For each user agent, the value function is defined as the expected discounted return starting from a state, which can be maximized by the optimal policy *[*21*]*. Specifically, in the proposed MEC model, the policy learned by the DDPG-based algorithm maximizes the value function of user *m* which starts from the initial state *s*_{m,1} under policy *μ*_{m}, i.e.,

$$\begin{array}{*{20}l} V^{\mu_{m}}(s_{m,1}) = \mathbb{E} \left[\sum_{t=1}^{\infty} \gamma^{t-1} r_{m,t} | s_{m,1} \right], \end{array} $$

(25)

which can be used to approximate the real expected infinite-horizon undiscounted return at each user agent when *γ*→1*[*39*]*. That is, the long-term average computation cost

$$\begin{array}{*{20}l} \bar{C}_{m}(s_{m,t})= \mathbb{E} \left[{\lim}_{T \rightarrow \infty}\frac{1}{T}\sum_{i=t}^{T} w_{m,1} \left(p_{l,m}(i)+p_{o,m}(i)\right) + w_{m,2} B_{m}(i) | s_{m,t} \right], \end{array} $$

(26)

will be minimized by applying the learned computation offloading policy \(\mu ^{*}_{m}\).

### Training and testing

To learn and evaluate the learned policies for decentralized computation offloading, a simulated environment with a group of user agents is constructed to conduct training and testing. Particularly, training and testing data can be generated from the interactions between the user agents and the simulated environment, which accepts the decision of each user agent and returns the local observations. Also notice that the interaction between the user agents and the environment is generally continuing RL tasks [21], which does not break naturally into identifiable episodes^{Footnote 5}. Thus, in order to have better exploration performance, the interaction will be manually started with a random initial state *s*_{m,1} for each user *m* and terminate at a predefined maximum steps *T*_{max} for each episode.

The detailed training stage is illustrated in Algorithm 1. At each time step *t* during an episode, each agent’s experience tuple (*s*_{m,t},*a*_{a,t},*r*_{m,t},*s*_{m,t+1}) will be stored in its own experience buffer \(\mathcal {B}_{m}\). Meanwhile, the use agent’s actor and critic network will be updated accordingly using a mini-batch of experience tuples \(\{(s_{i},a_{i},r_{i},s^{\prime }_{i})\}_{i=1}^{I}\) randomly sampled from the replay buffer \(\mathcal {B}_{m}\).

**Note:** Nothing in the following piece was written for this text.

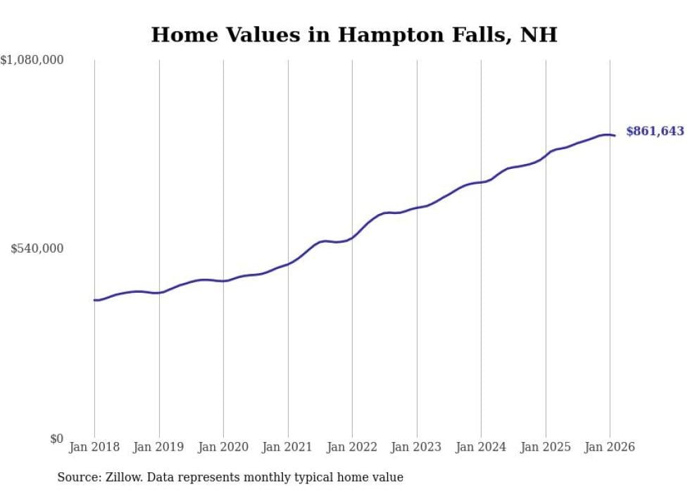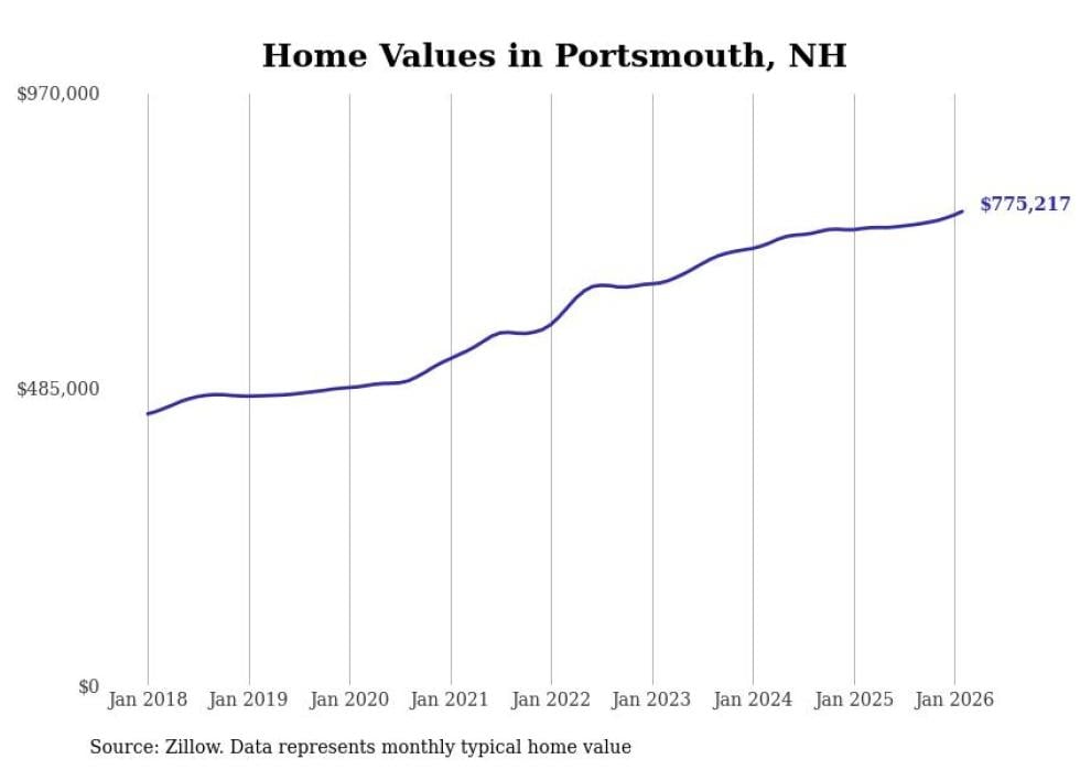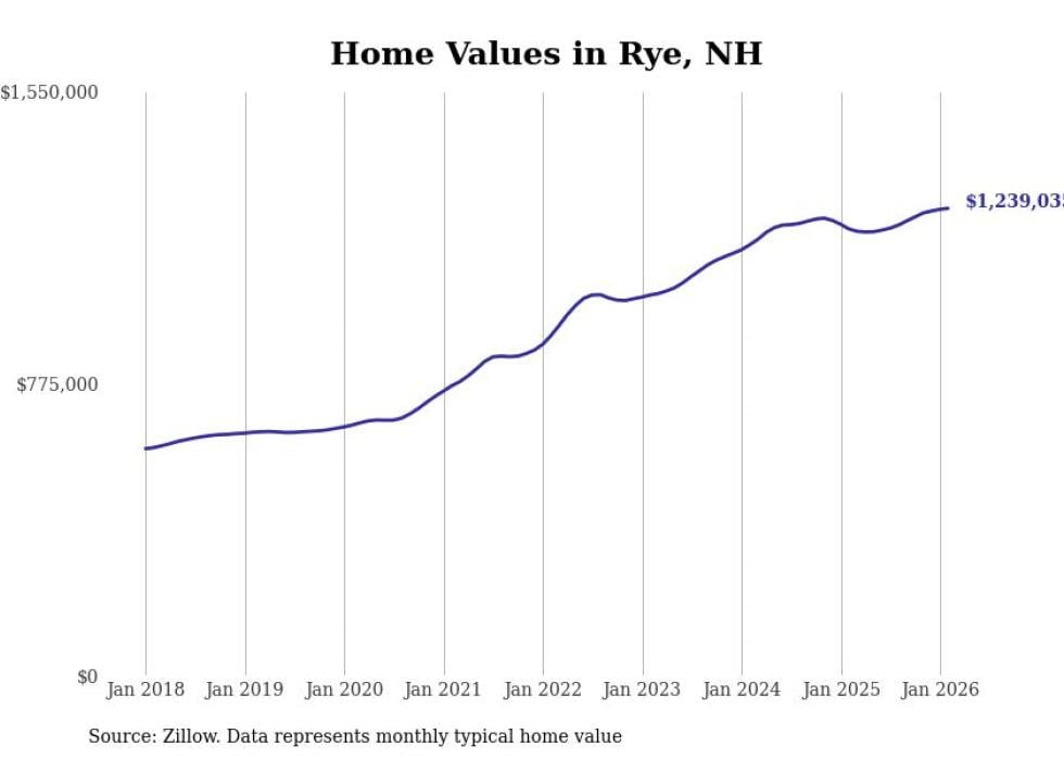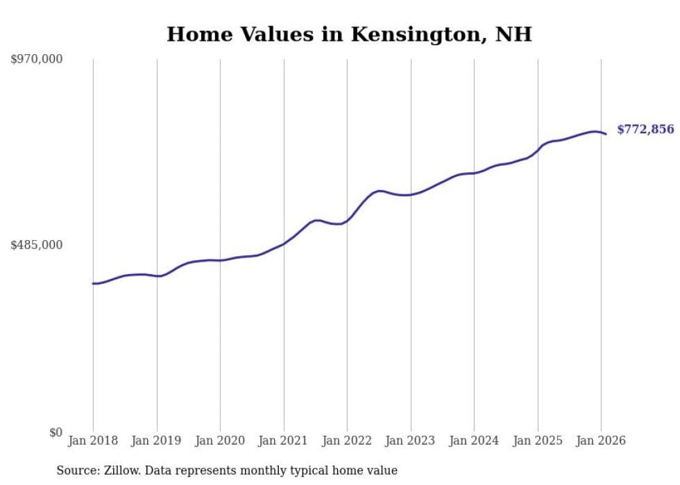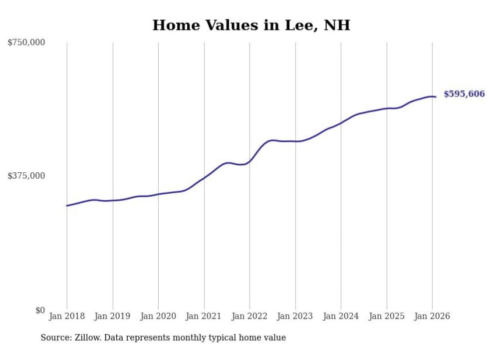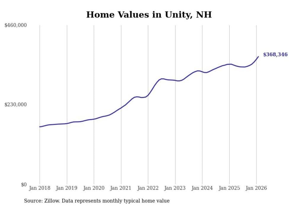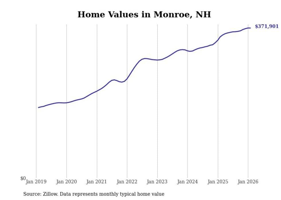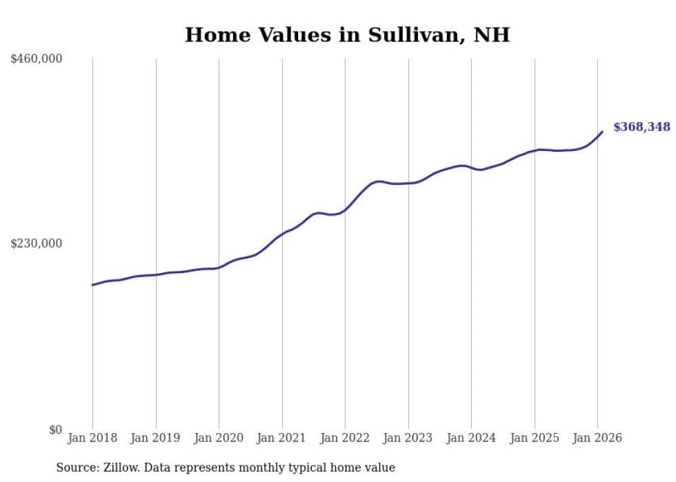 Stacker compiled a list of cities with the fastest-growing home prices in New Hampshire using data from Zillow. Cities are ranked by the dollar change in the Zillow Home Values Index for all homes from the 12 months ending February 2026. The charts in this story were created automatically using Matplotlib. Data was available for 50 cities and towns in New Hampshire.

In this way, after the training of *K*_{max} episodes, the dynamic computation offloading policy will be gradually and independently learned at each user agent. In order to improve the model with adequate exploration of the state space, one major challenge is the trade-off between exploration and exploitation, which is even more difficult for learning in continuous action spaces [35]. Since the exploration of DDPG are treated independently from the learning process, the exploration policy *μ*^{′} can be constructed by adding noise *Δ**μ* sampled from a random noise process to the actor, i.e.,

$$\begin{array}{*{20}l} \mu^{\prime}(s) = \mu(s|\theta^{\mu}) + \Delta\mu, \end{array} $$

(27)

where the random noise process needs to be elaborately selected. E.g., exploration noise sampled from a temporally correlated random process can better preserve momentum.

As for the testing stage, each user agent will firstly load its actor network parameters learned in the training stage. Then, the user agent will start with an empty data buffer and interact with a randomly initialized environment, where it selects actions according to the output of the actor network, using its local observation of the environment as current state.